Data entries:
****************************************
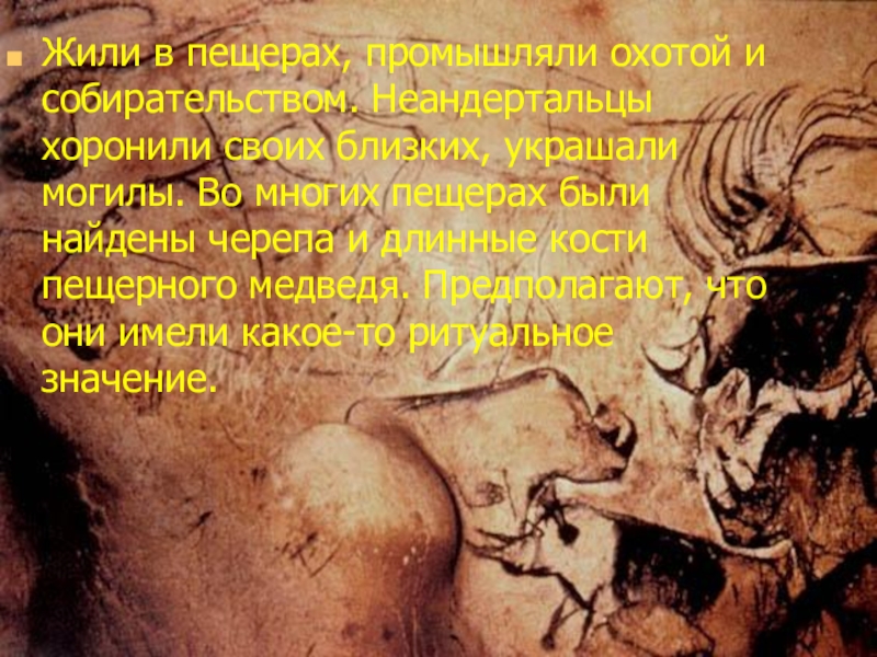 Слайд 35Жили в пещерах, промышляли охотой и собирательством. Неандертальцы хоронили своих близких,
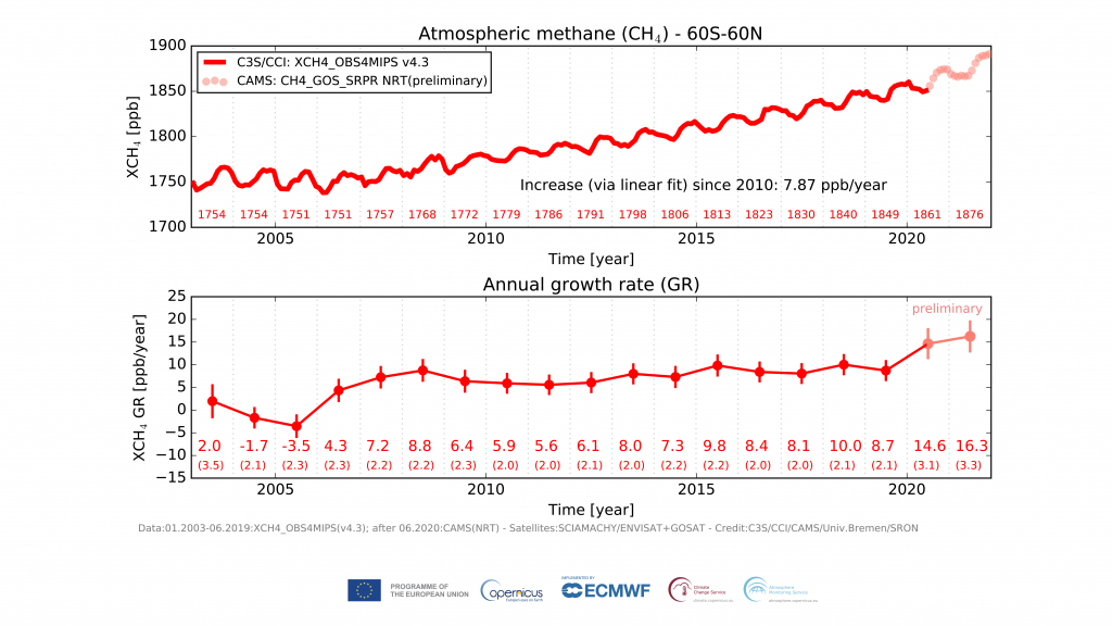 Como es de esperar, la elevada temperatura medida en 2021 coincide con un récord en la concentración de dióxido de carbono (CO₂) y metano (CH₄) en la atmósfera, causandos del Efecto Invernadero.
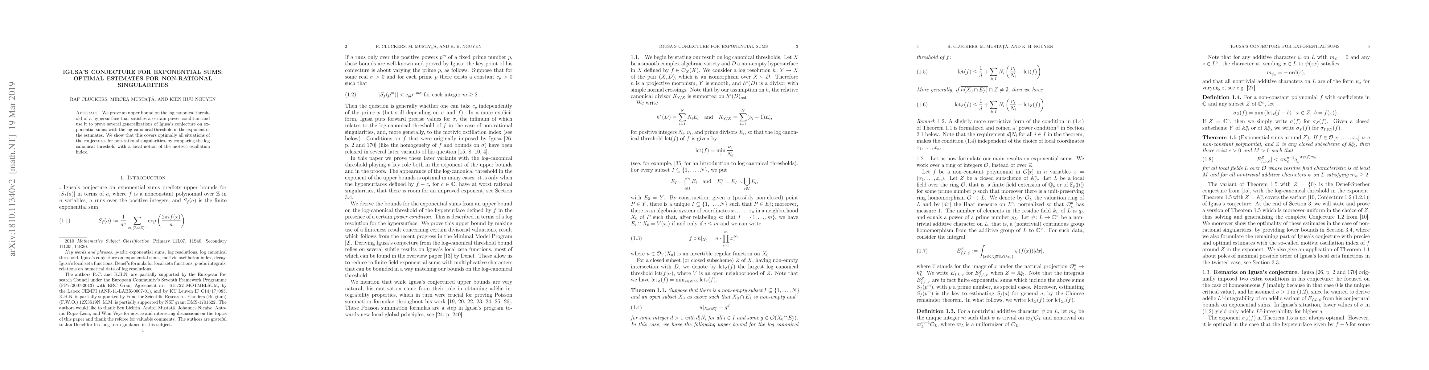 Summary: This paper proves an upper bound on the log canonical threshold for a specific class of hypersurfaces and uses this result to generalize Igusa's conjecture on exponential sums, demonstrating optimal estimates for non-rational singularities by relating the log canonical threshold to the motivic oscillation index.
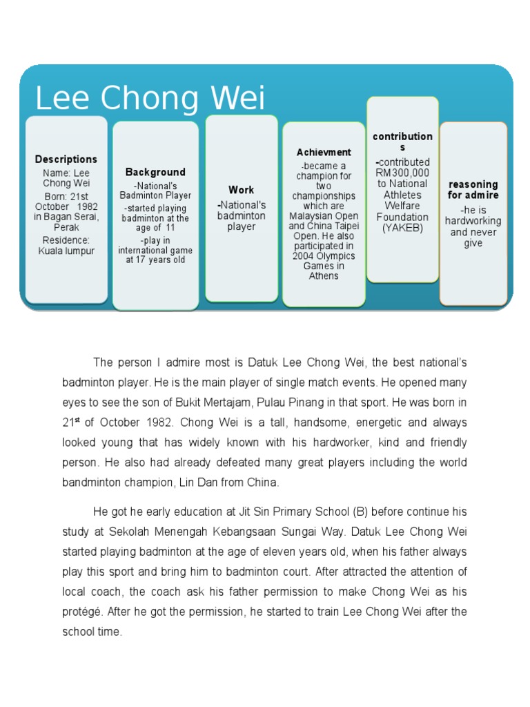 The Person I Admire Most Is Datuk Lee Chong Wei Pdf Sports Leisure
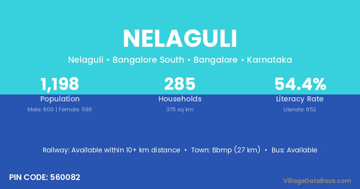 Bbmp (27 km) is the nearest town to Nelaguli village for major economic activities and is located approximately 27 km away.
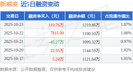 证券之星消息,10月23日,新威凌(920634)融资买入232.12万元,融资偿还112.36万元,融资净买入119.76万元,融资余额1219.86万元。
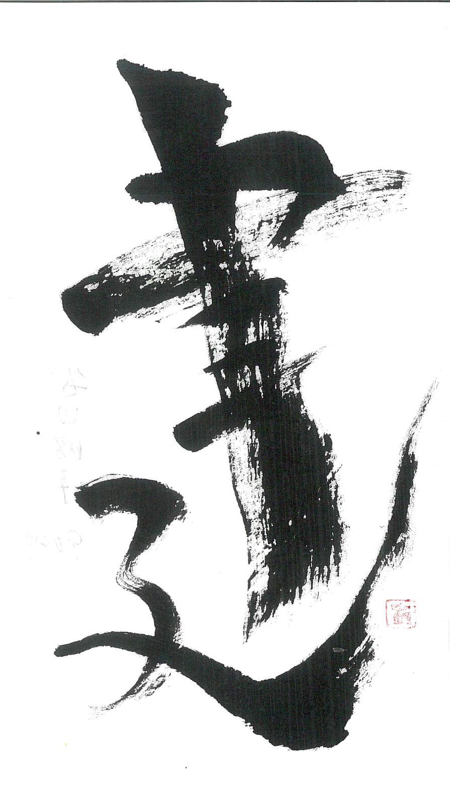 評:草書で書かれていて軽やかな作品になっています。細い紙を生かして縦長に書き、高い建物のようにも見えます。しんにょうをはみ出させているのが勢いを感じますね。
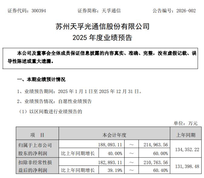 1月21日,天孚通信(300394.SZ)发布2025年度业绩预告,预计归属于上市公司股东的净利润为18.81亿元-21.50亿元,比上年同期增长40.00%-60.00%。主要得益于人工智能行业加速发展与全球数据中心建设,带动了高速光器件产品需求的持续稳定增长,叠加公司智能制造持续降本增效,共同促进了公司有源和无源产品线营收增长。另一方面,报告期内受汇兑损失影响,财务费用同比上升,对本期业绩增长产生一定负向影响。
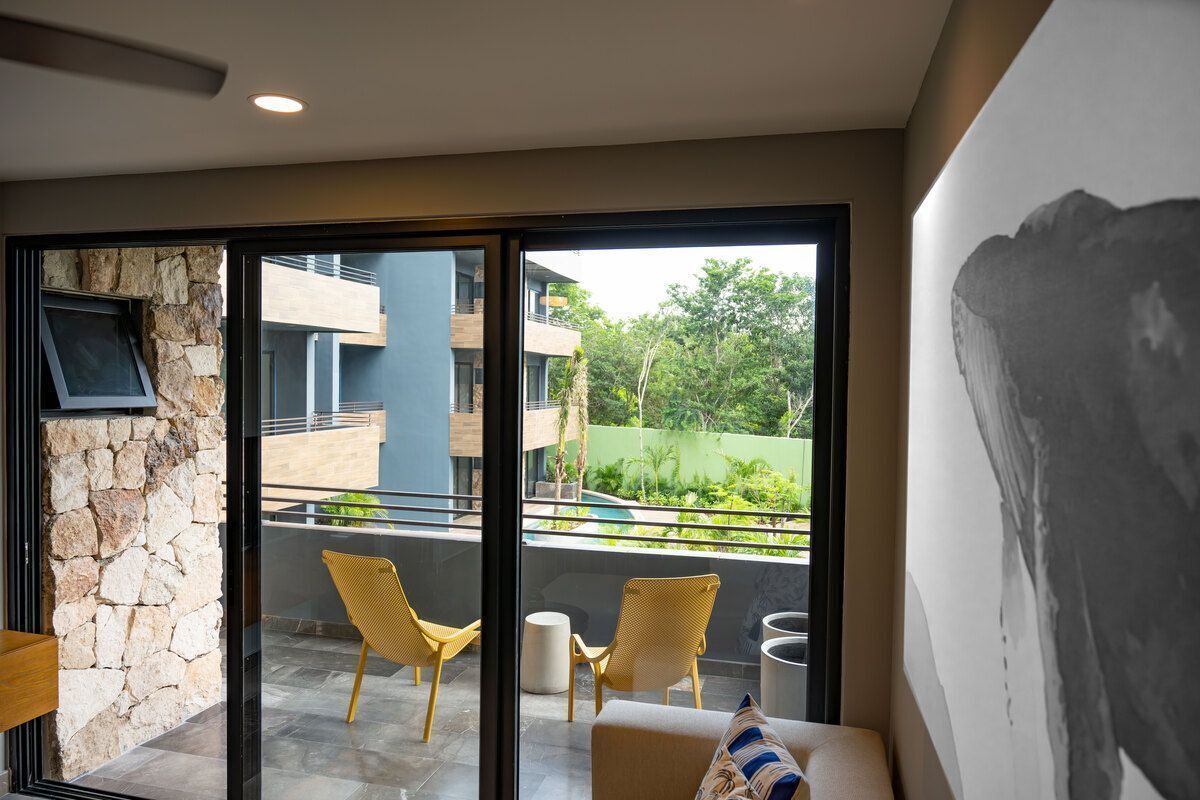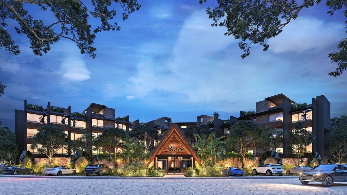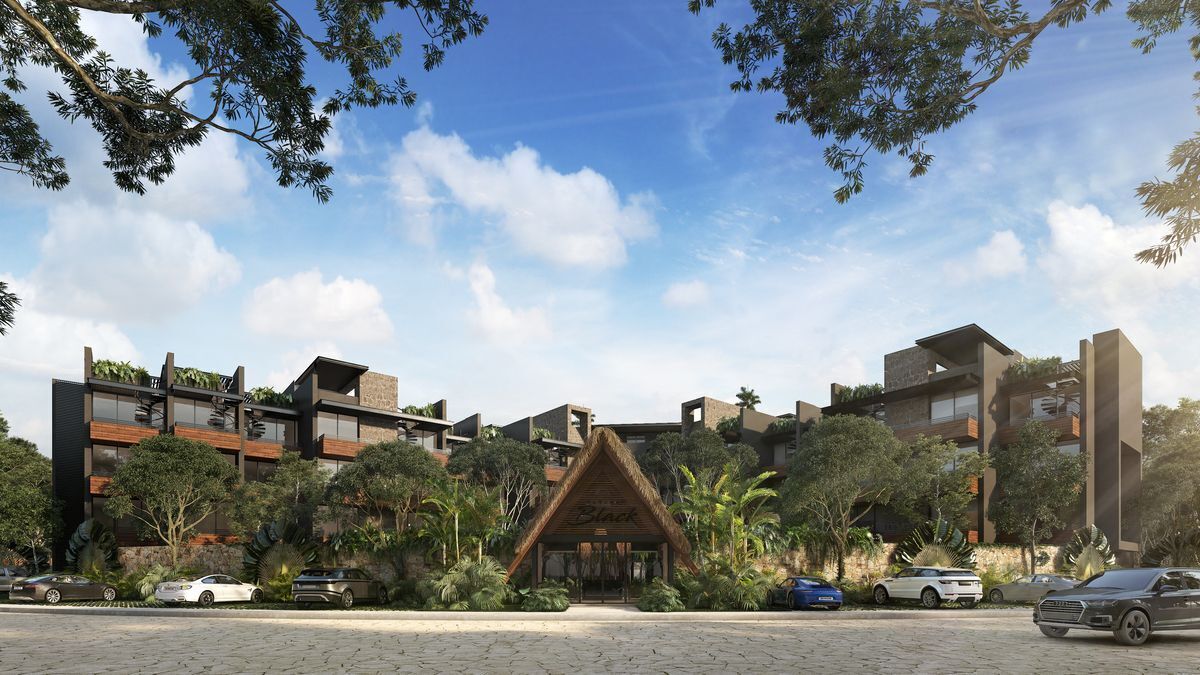 It is one of the most exclusive and luxurious developments in Aldea Zama, featuring 56 apartments and a design that blends black tones with natural materials, offering stunning jungle views.
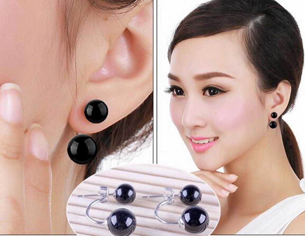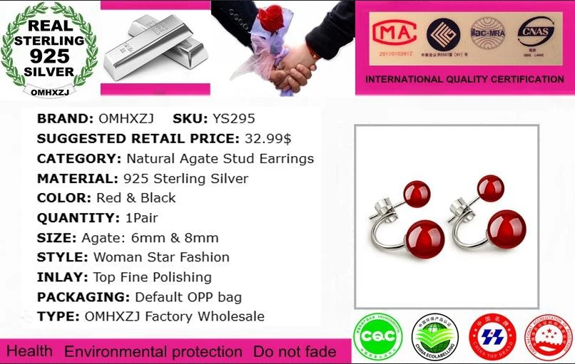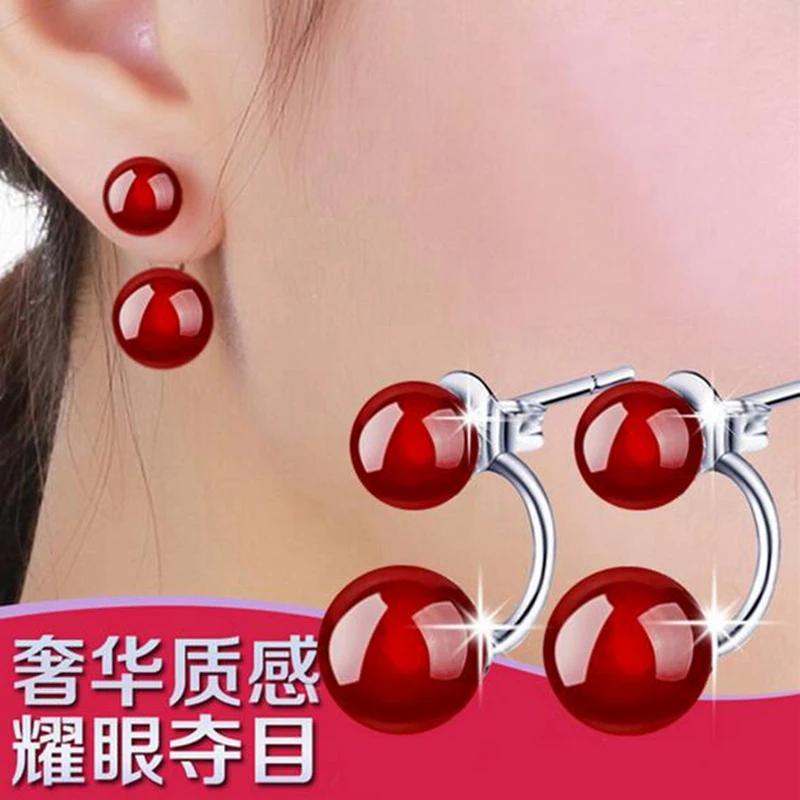 Wholesale Jewelry Simple Sweet Fashion for Woman Gift 8mm Red Black Natural Agate 925 Sterling Silver Stud Earrings YS295
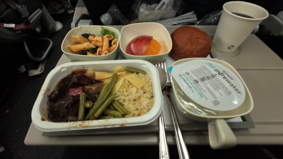 총 14시간의 비행동안 2번의 기내식과 1번의 간식이 제공되는데, 전체적으로 아주 맛있었습니다
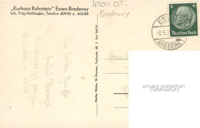 73701964 alte Postkarte Bredeney Kurhaus Ruhrstein Empfangshalle Innen postalisch gelaufen Erhaltung siehe scans [LiesaD40] KatCode: 11110005113000
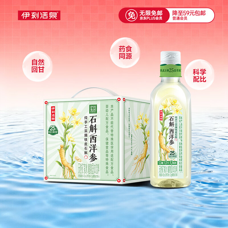 伊利伊刻活泉热门商品石斛西洋参养生水455ml6瓶礼盒装0糖0卡滋阴清热
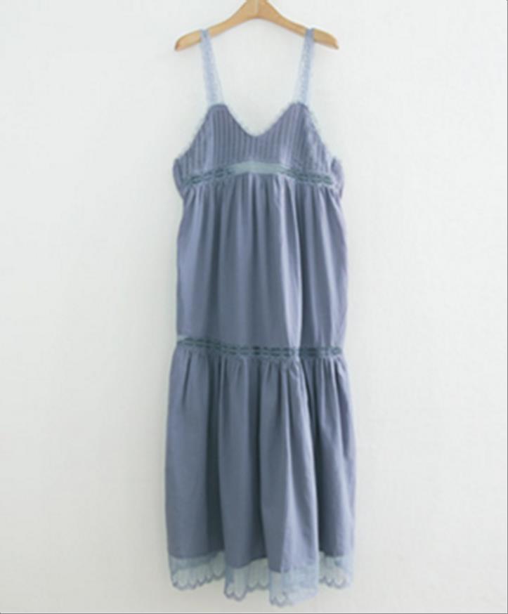韩国官网款女装-裙子끈 면롱 원피스
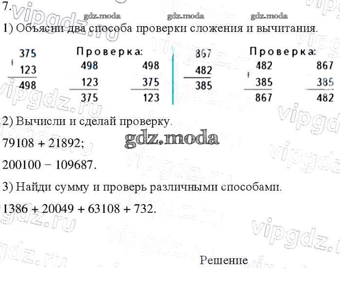 ОТВЕТ на задание № 7 Учебник по Математике 4 класс Моро Школа России
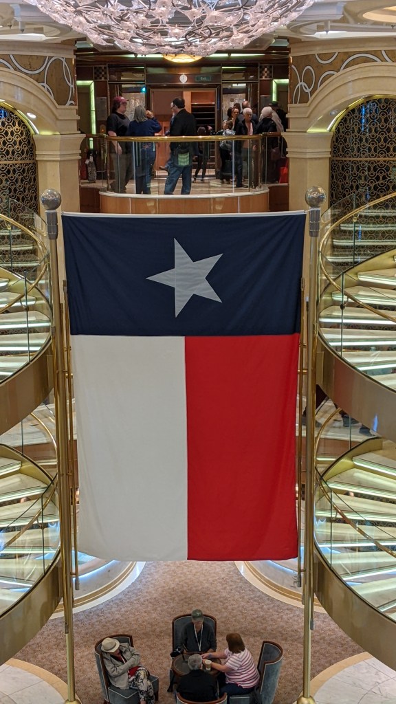 On another Princess cruise several years ago, sailing out of the Port of Houston, I was privileged to meet and interview a lady who, at that time, spent much of each year aboard ship. It was a different ship, but even then she was a “most traveled” and much-loved passenger. I noted that the crew was particularly solicitous and always saved her same table in her favorite lounge for a pre-dinner glass of wine.
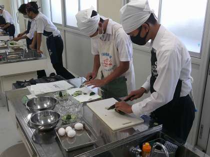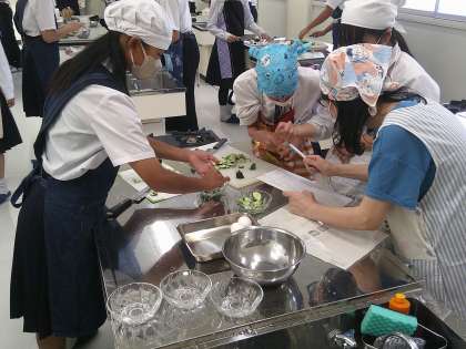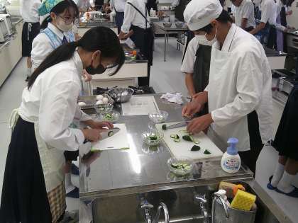 2時間目の家庭科の授業の様子です。調理実習をしています。きゅうりを『輪切り』『斜め切り』『せん切り』3種類の切り方で切ります。卵焼きにも挑戦します。
****************************************
PROBLEM STATEMENT: Transcribe each entry exactly; images stay out.

TASK ANSWER:
 Слайд 35Жили в пещерах, промышляли охотой и собирательством. Неандертальцы хоронили своих близких,
 Como es de esperar, la elevada temperatura medida en 2021 coincide con un récord en la concentración de dióxido de carbono (CO₂) y metano (CH₄) en la atmósfera, causandos del Efecto Invernadero.
 Summary: This paper proves an upper bound on the log canonical threshold for a specific class of hypersurfaces and uses this result to generalize Igusa's conjecture on exponential sums, demonstrating optimal estimates for non-rational singularities by relating the log canonical threshold to the motivic oscillation index.
 The Person I Admire Most Is Datuk Lee Chong Wei Pdf Sports Leisure
 Bbmp (27 km) is the nearest town to Nelaguli village for major economic activities and is located approximately 27 km away.
 证券之星消息,10月23日,新威凌(920634)融资买入232.12万元,融资偿还112.36万元,融资净买入119.76万元,融资余额1219.86万元。
 評:草書で書かれていて軽やかな作品になっています。細い紙を生かして縦長に書き、高い建物のようにも見えます。しんにょうをはみ出させているのが勢いを感じますね。
 1月21日,天孚通信(300394.SZ)发布2025年度业绩预告,预计归属于上市公司股东的净利润为18.81亿元-21.50亿元,比上年同期增长40.00%-60.00%。主要得益于人工智能行业加速发展与全球数据中心建设,带动了高速光器件产品需求的持续稳定增长,叠加公司智能制造持续降本增效,共同促进了公司有源和无源产品线营收增长。另一方面,报告期内受汇兑损失影响,财务费用同比上升,对本期业绩增长产生一定负向影响。
 It is one of the most exclusive and luxurious developments in Aldea Zama, featuring 56 apartments and a design that blends black tones with natural materials, offering stunning jungle views.
 Wholesale Jewelry Simple Sweet Fashion for Woman Gift 8mm Red Black Natural Agate 925 Sterling Silver Stud Earrings YS295
 총 14시간의 비행동안 2번의 기내식과 1번의 간식이 제공되는데, 전체적으로 아주 맛있었습니다
 73701964 alte Postkarte Bredeney Kurhaus Ruhrstein Empfangshalle Innen postalisch gelaufen Erhaltung siehe scans [LiesaD40] KatCode: 11110005113000
 伊利伊刻活泉热门商品石斛西洋参养生水455ml6瓶礼盒装0糖0卡滋阴清热
韩国官网款女装-裙子끈 면롱 원피스
 ОТВЕТ на задание № 7 Учебник по Математике 4 класс Моро Школа России
 On another Princess cruise several years ago, sailing out of the Port of Houston, I was privileged to meet and interview a lady who, at that time, spent much of each year aboard ship. It was a different ship, but even then she was a “most traveled” and much-loved passenger. I noted that the crew was particularly solicitous and always saved her same table in her favorite lounge for a pre-dinner glass of wine.
 2時間目の家庭科の授業の様子です。調理実習をしています。きゅうりを『輪切り』『斜め切り』『せん切り』3種類の切り方で切ります。卵焼きにも挑戦します。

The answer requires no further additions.